# TASK STATEMENT
Return the entries below in their exact form, leaving the pictures out.

# DATASET CONTENT
********

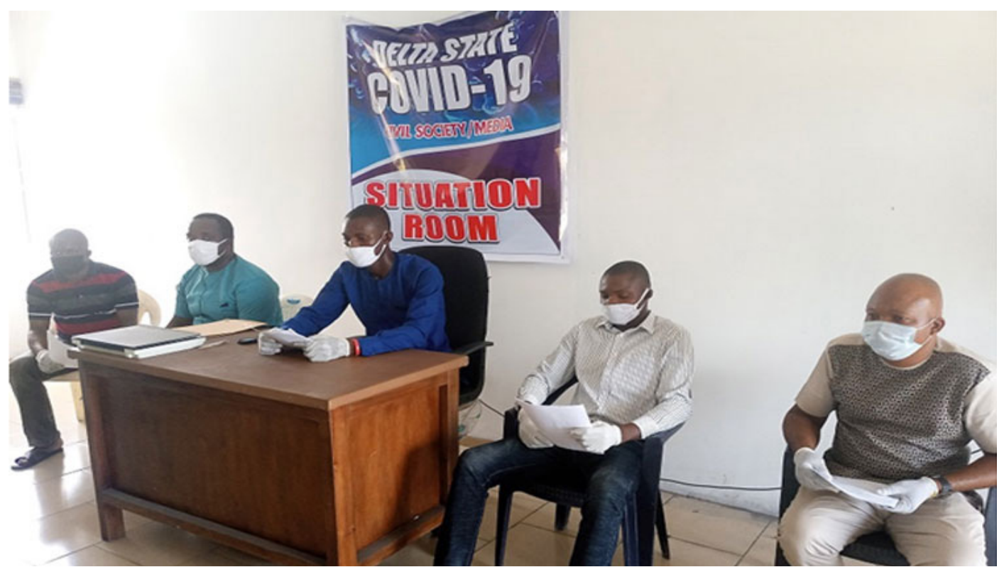
Covid-19 Civil Society/Media Situation Room deliberating on findings of field monitorings

NGOs/coalitions, media houses, independent journalists, civic opinion leaders and experts. While observing social distancing recommendations, the Situation Rooms issued daily briefings and organised weekly press conferences.
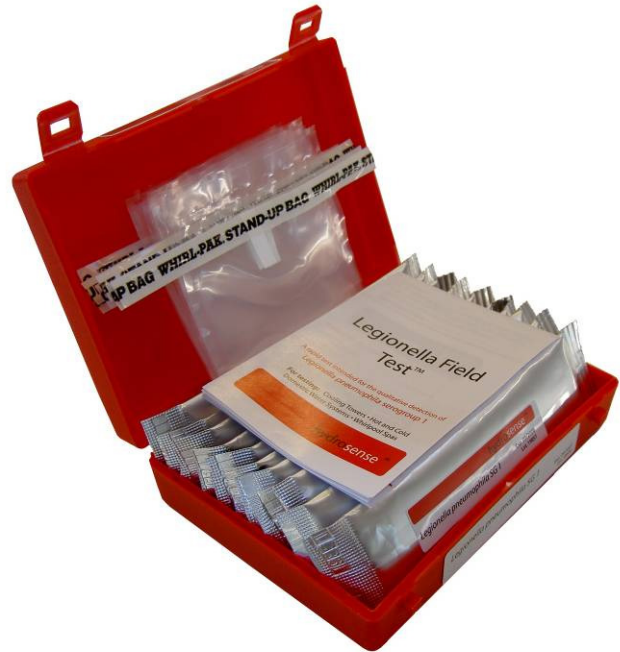
Legionella Field Test™ Product code 100104

The hydrosense® Legionella Field Test™ uses an immunochromatographic assay, to detect the presence of cell surface antigens from Legionella bacteria in a sample. The presence of antigen causes the “Test Line” to turn red in colour. A “Control Line” is included which should always turn red if the test has been performed correctly.
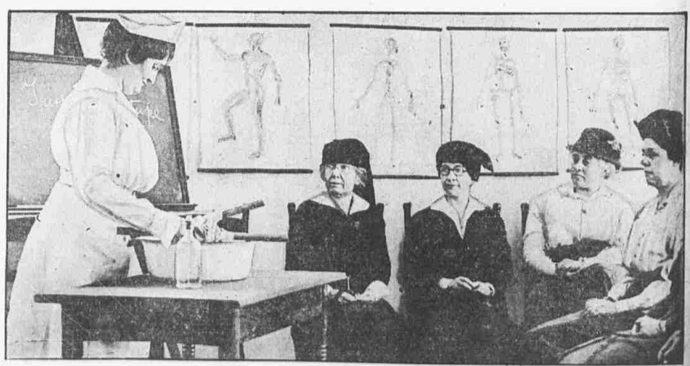
RED CROSS CLASS IN SESSION AT WAYNE Lectures and demonstrations are given in the art of supplying first aid where needed.
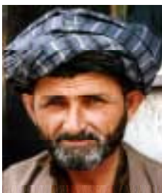
Pathan (watch seller)
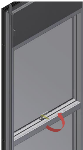
09. Turn handle to lock vent
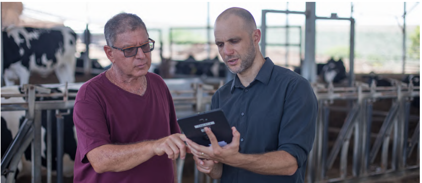
Kibbutz Gal-Ed, Israel

PV systems powered by the SolarEdge solution work together seamlessly to provide you with maximum power and efficiency while reducing your energy bills and dependency on your local utility grid.
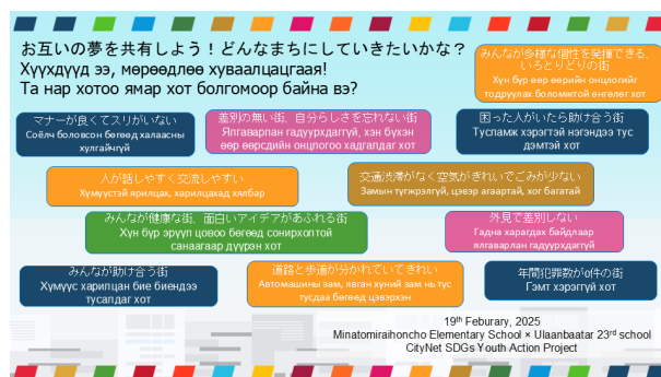
Visions for the Future Cities
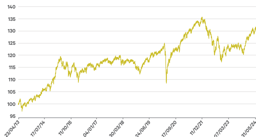
Figure 1: Performance of Davy Cautious Growth Fund at 31 st May 2024 6

Warning: Past Performance is not a reliable guide to future performance. The value of your investment may go down as well as up. This product may be affected by changes in currency exchange rates.
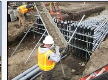
Construction Support Integrated MEC Services, MEC Avoidance for Cultural & Biological Surveys
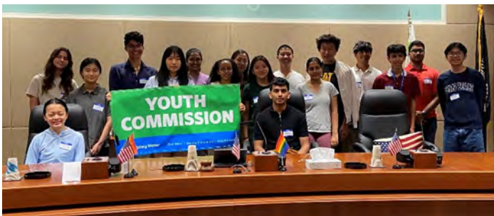
The Valley Water Youth Commission stands together, ready to represent the voices of youth across Santa Clara County at the first quarterly meeting of FY26.
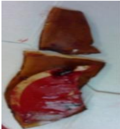
Figure 3. Broken Bottle Glass Pieces with Brand Label Still Intact

********

# OUTPUT OF THE EXERCISE
Covid-19 Civil Society/Media Situation Room deliberating on findings of field monitorings

NGOs/coalitions, media houses, independent journalists, civic opinion leaders and experts. While observing social distancing recommendations, the Situation Rooms issued daily briefings and organised weekly press conferences.
Legionella Field Test™ Product code 100104

The hydrosense® Legionella Field Test™ uses an immunochromatographic assay, to detect the presence of cell surface antigens from Legionella bacteria in a sample. The presence of antigen causes the “Test Line” to turn red in colour. A “Control Line” is included which should always turn red if the test has been performed correctly.
RED CROSS CLASS IN SESSION AT WAYNE Lectures and demonstrations are given in the art of supplying first aid where needed.
Pathan (watch seller)
09. Turn handle to lock vent
Kibbutz Gal-Ed, Israel

PV systems powered by the SolarEdge solution work together seamlessly to provide you with maximum power and efficiency while reducing your energy bills and dependency on your local utility grid.
Visions for the Future Cities
Figure 1: Performance of Davy Cautious Growth Fund at 31 st May 2024 6

Warning: Past Performance is not a reliable guide to future performance. The value of your investment may go down as well as up. This product may be affected by changes in currency exchange rates.
Construction Support Integrated MEC Services, MEC Avoidance for Cultural & Biological Surveys
The Valley Water Youth Commission stands together, ready to represent the voices of youth across Santa Clara County at the first quarterly meeting of FY26.
Figure 3. Broken Bottle Glass Pieces with Brand Label Still Intact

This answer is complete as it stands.